▸ **PROBLEM REQUIREMENTS**
In the entries below, find the line with "- 3. CUT TO" and the line with "図書委員会の「おはなし作りコ", then retype both and everything between them exactly. Do not copy the pictures.
*** Opening INFORMATION GIVEN ***
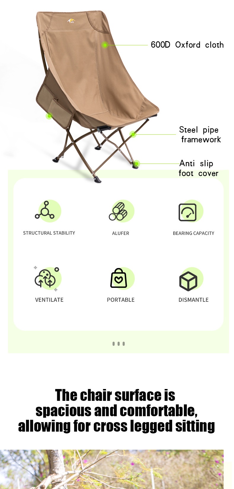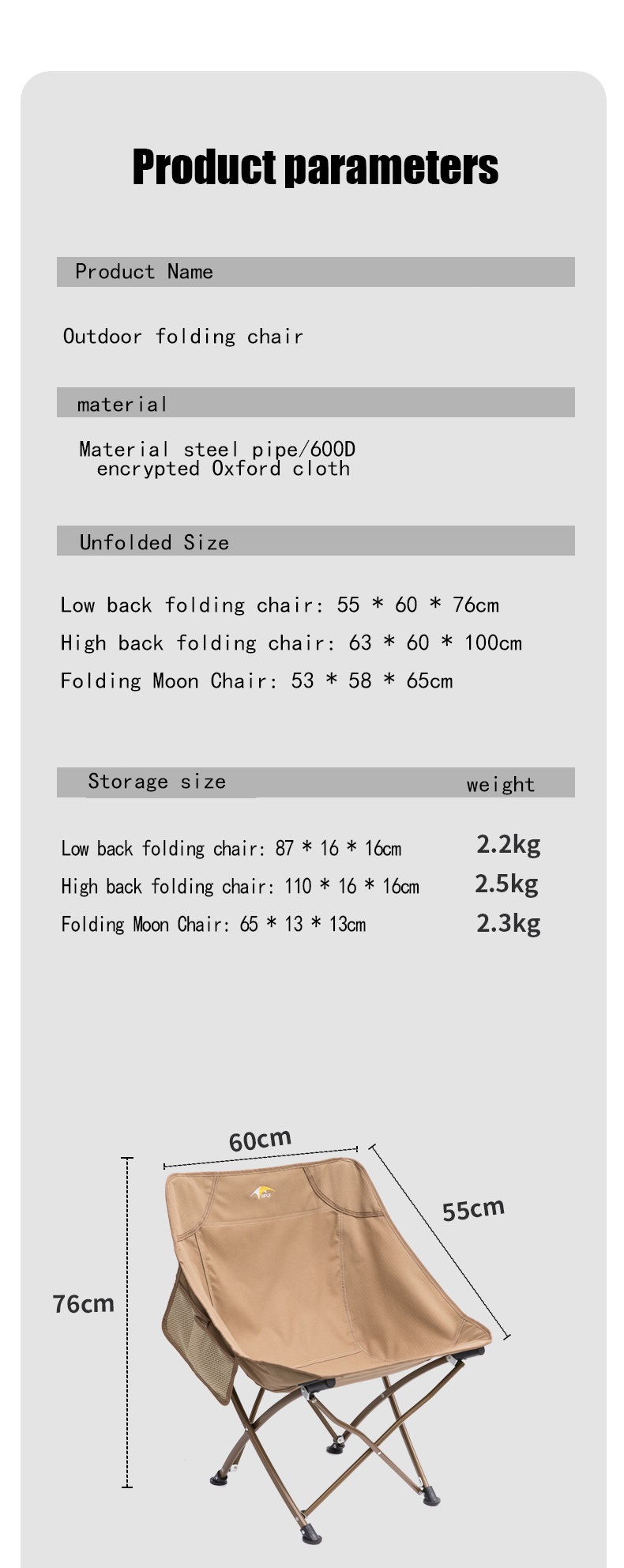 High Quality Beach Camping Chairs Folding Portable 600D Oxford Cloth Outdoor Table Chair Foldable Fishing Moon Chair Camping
*** Closing INFORMATION GIVEN ***
*** Opening INFORMATION GIVEN ***
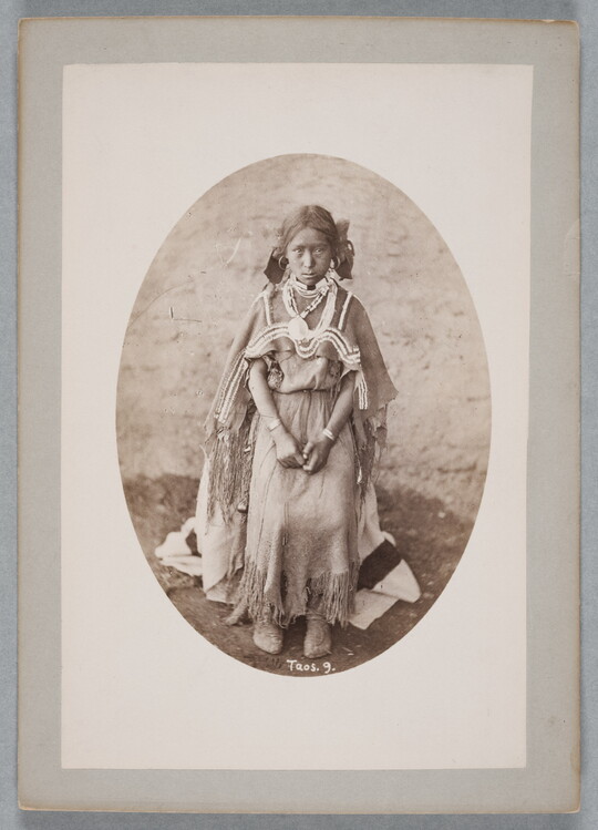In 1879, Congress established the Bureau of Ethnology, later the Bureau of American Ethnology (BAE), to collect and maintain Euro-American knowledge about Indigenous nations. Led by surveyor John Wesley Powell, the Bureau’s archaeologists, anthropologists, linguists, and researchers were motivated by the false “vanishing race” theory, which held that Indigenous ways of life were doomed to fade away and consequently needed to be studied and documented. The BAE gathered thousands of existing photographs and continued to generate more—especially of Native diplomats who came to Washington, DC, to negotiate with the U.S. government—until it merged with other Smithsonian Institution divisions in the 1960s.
*** Closing INFORMATION GIVEN ***
*** Opening INFORMATION GIVEN ***
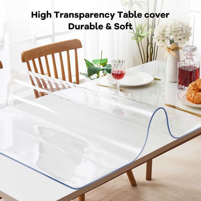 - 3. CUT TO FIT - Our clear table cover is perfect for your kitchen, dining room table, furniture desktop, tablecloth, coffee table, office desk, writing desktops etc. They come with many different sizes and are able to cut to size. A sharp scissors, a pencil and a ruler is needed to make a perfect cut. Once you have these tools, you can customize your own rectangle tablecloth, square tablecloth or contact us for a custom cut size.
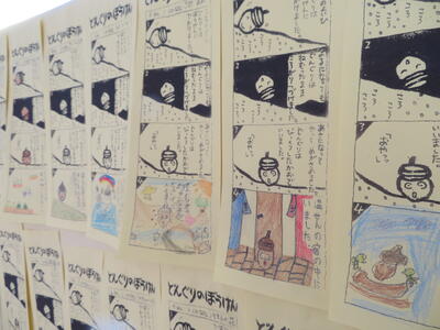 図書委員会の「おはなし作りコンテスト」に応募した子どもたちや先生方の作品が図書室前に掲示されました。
*** Closing INFORMATION GIVEN ***
▸ **ANSWER BOX**
 - 3. CUT TO FIT - Our clear table cover is perfect for your kitchen, dining room table, furniture desktop, tablecloth, coffee table, office desk, writing desktops etc. They come with many different sizes and are able to cut to size. A sharp scissors, a pencil and a ruler is needed to make a perfect cut. Once you have these tools, you can customize your own rectangle tablecloth, square tablecloth or contact us for a custom cut size.
 図書委員会の「おはなし作りコンテスト」に応募した子どもたちや先生方の作品が図書室前に掲示されました。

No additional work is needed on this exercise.